A cagey, maverick businessman, Abrams snapped up the valuable UWF trademark precisely because Watts had failed to do so before selling his company to Jim Crockett in 1987. He’d negotiate valuable television deals at home and home video deals overseas for the product, and was committed in his efforts to turn the UWF into something that could theoretically one day challenge the primacy of the WWF and WCW in the US market.
Unfortunately, Abrams was as unstable as he was ambitious, and the wrestling wasn’t the only old school values he was keen to return to: he liked to hoover up cocaine like no one’s business, and as a result his paranoia was through the roof. Convinced that one of his roster was stealing from him and sleeping with his girlfriend, Abrams paid off ‘Dr. Death’ Steve Williams to hurt the man in his own ring as a form of revenge.
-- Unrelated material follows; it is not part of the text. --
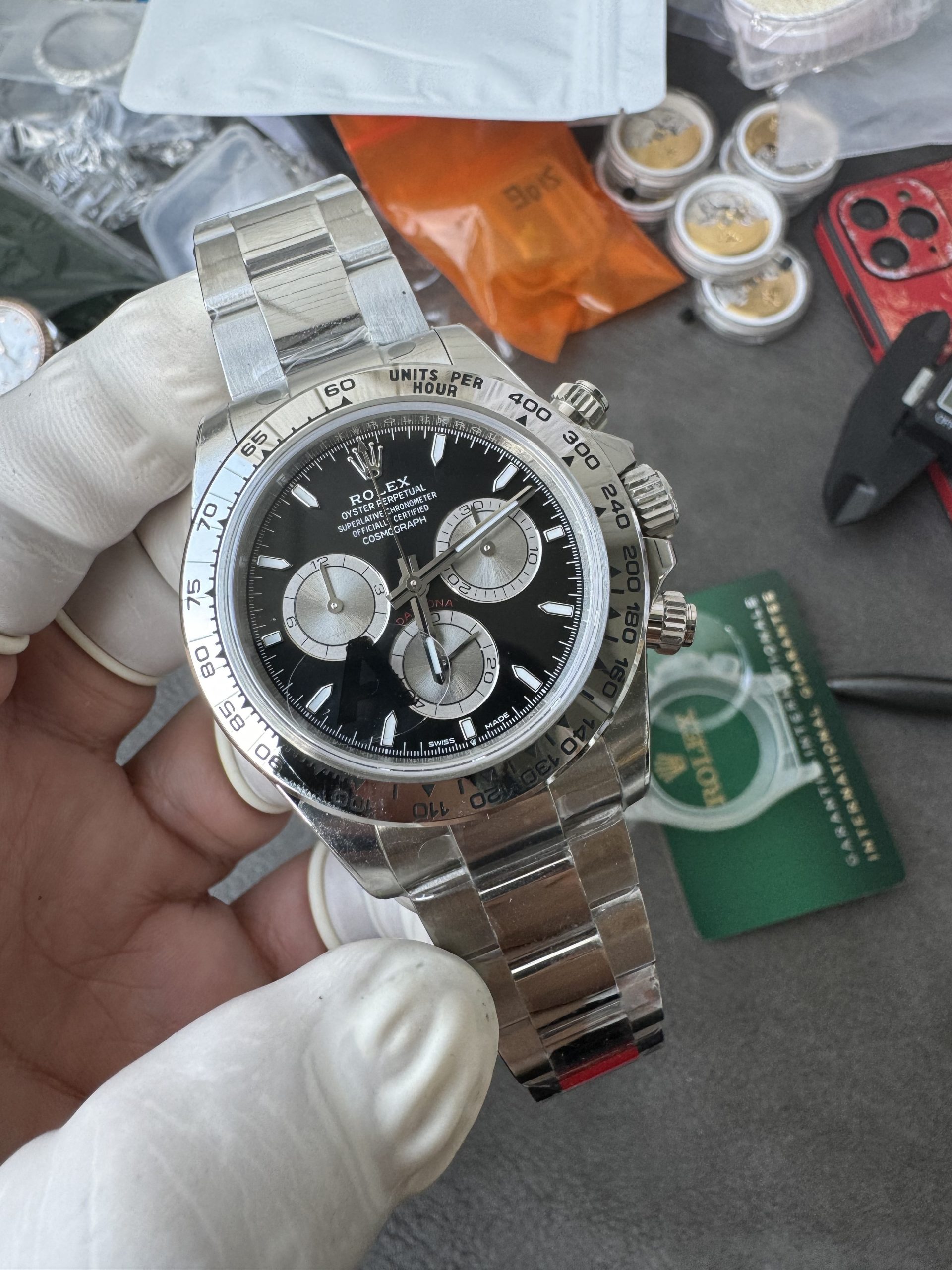業界の常識を覆す、VS Factory製ロレックス・デイトナ 126509の配重版がついに登場。このモデルの最大の革命は、正品に迫る「約183g」という重厚感を実現しながら、ケースの厚みを一切増やしていない点にあります。市場に出回る一般的なタングステン銅合金(酸化してメッキが剥がれやすい)とは異なり、VSは独自の「特注ヘビーメタルケース」を開発。汗による腐食やメッキ剥がれを劇的に改善しました。心臓部には信頼性抜群の「丹東製4131ムーブメント」を搭載しています。重さ、薄さ、耐久性、精度のすべてを極めた決定版です。

But it’s the manner of Abrams’ passing that raised the most eyebrows. Herb Abrams died in July 1996 of a cocaine-motivated heart attack while in police custody. He’d been arrested when police were called to the scene after he began running through his offices, stark naked, screaming and destroying everything in sight with a baseball bat.
To make matters… well, weirder, Abrams had several barely dressed prostitutes in tow at the time, and his body was covered in both cocaine and a waxy vaseline-like substance. Well, if you’re determined to go out with a bang, you might as well make it a big one.